Bitcoin is a Peer-to-Peer Electronic Cash System designed to enable trustless, censorship-resistant, and borderless value exchange without reliance on central authorities. It introduced decentralized digital money and established the foundation for the entire blockchain and cryptocurrency ecosystem.

  • Launch Year: 2009
  • Origin: Original
  • Team: Satoshi Nakamoto (unknown)

Technical Details

  • Distributed Ledger Technology: Blockchain
  • Consensus Protocol: Proof of Work (PoW)
  • Consensus Mechanism: Nakamoto Consensus
  • Hashing Algorithm: SHA-256
  • Block Time: 10 minutes
  • Transaction Finality: ≈ 60 minutes (after 6 confirmations, standard for high-value transactions)
  • Max TPS Achieved: ≈ 7 TPS
  • Theoretical TPS Capacity: ≈ 10 TPS
  • Average Transaction Fee: ≈ $5 (varies with network congestion)

Tokenomics

  • Circulating Supply: ≈ 19,932,587 BTC
  • Max Supply: 21,000,000 BTC
  • Distribution Model: Fair launch with no pre-mine, ICO, or VC allocation.

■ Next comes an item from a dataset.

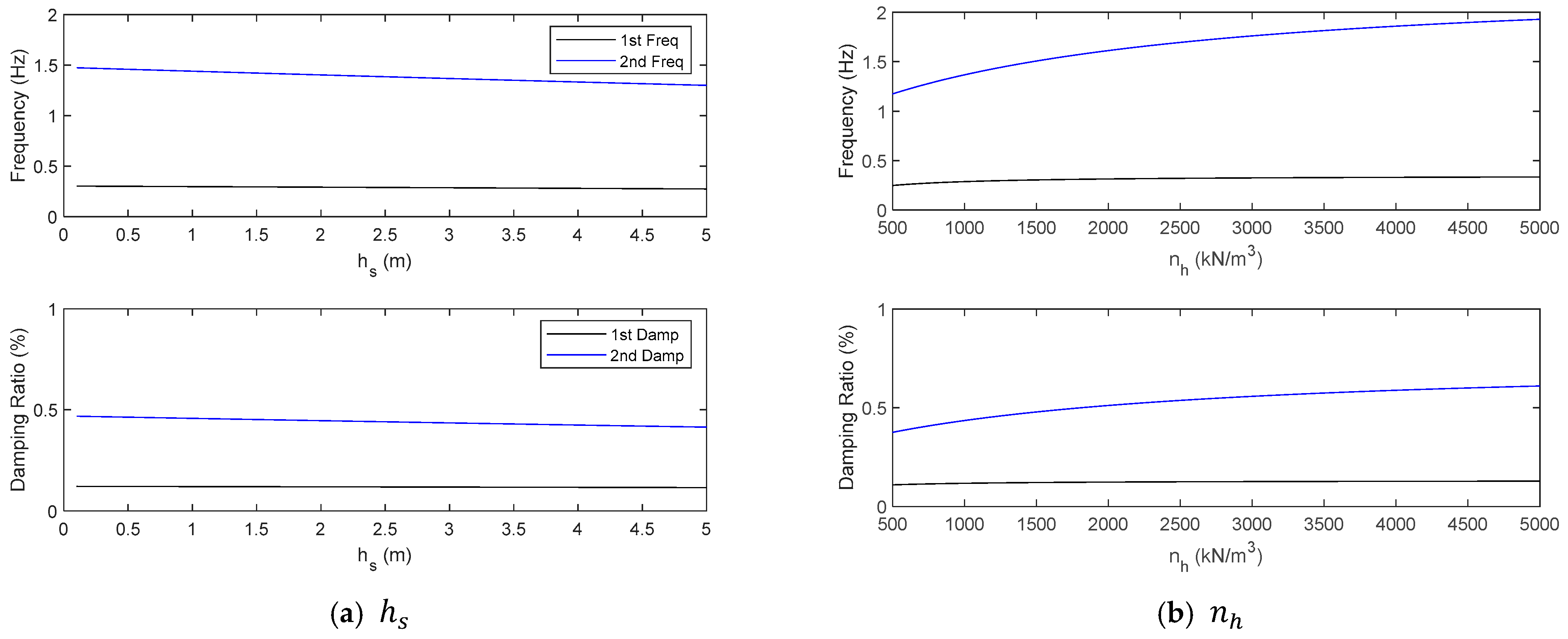 - Darvishi-Alamouti, S.; Bahaari, M.-R.; Moradi, M. Natural frequency of offshore wind turbines on rigid and flexible monopiles in cohesionless soils with linear stiffness distribution. Appl. Ocean Res. 2017, 68, 91–102. [Google Scholar] [CrossRef]
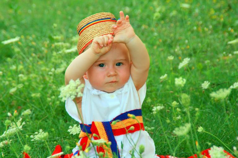 Keywords: toddler traditional costume flowers grass green

Early mining rewarded participants from day one. Block rewards halve every 210,000 blocks (~4 years).
  • Issue Price: $0.003 (first market price in 2010)

Decentralization

High — Bitcoin is open-source and permissionless, allowing anyone to mine, run nodes, and contribute to development without central control.

Security

High — Secured by the largest Proof of Work network with immense hashpower and over a decade of operation. The only notable event was a temporary chain split in 2013 due to a version incompatibility, resolved within hours.

Energy Efficiency

Low — Bitcoin's Proof of Work mining consumes significant energy, estimated around 130–180 TWh per year (≈0.6% of global electricity). Each transaction can indirectly represent 400–800 kWh of energy usage due to global miner competition.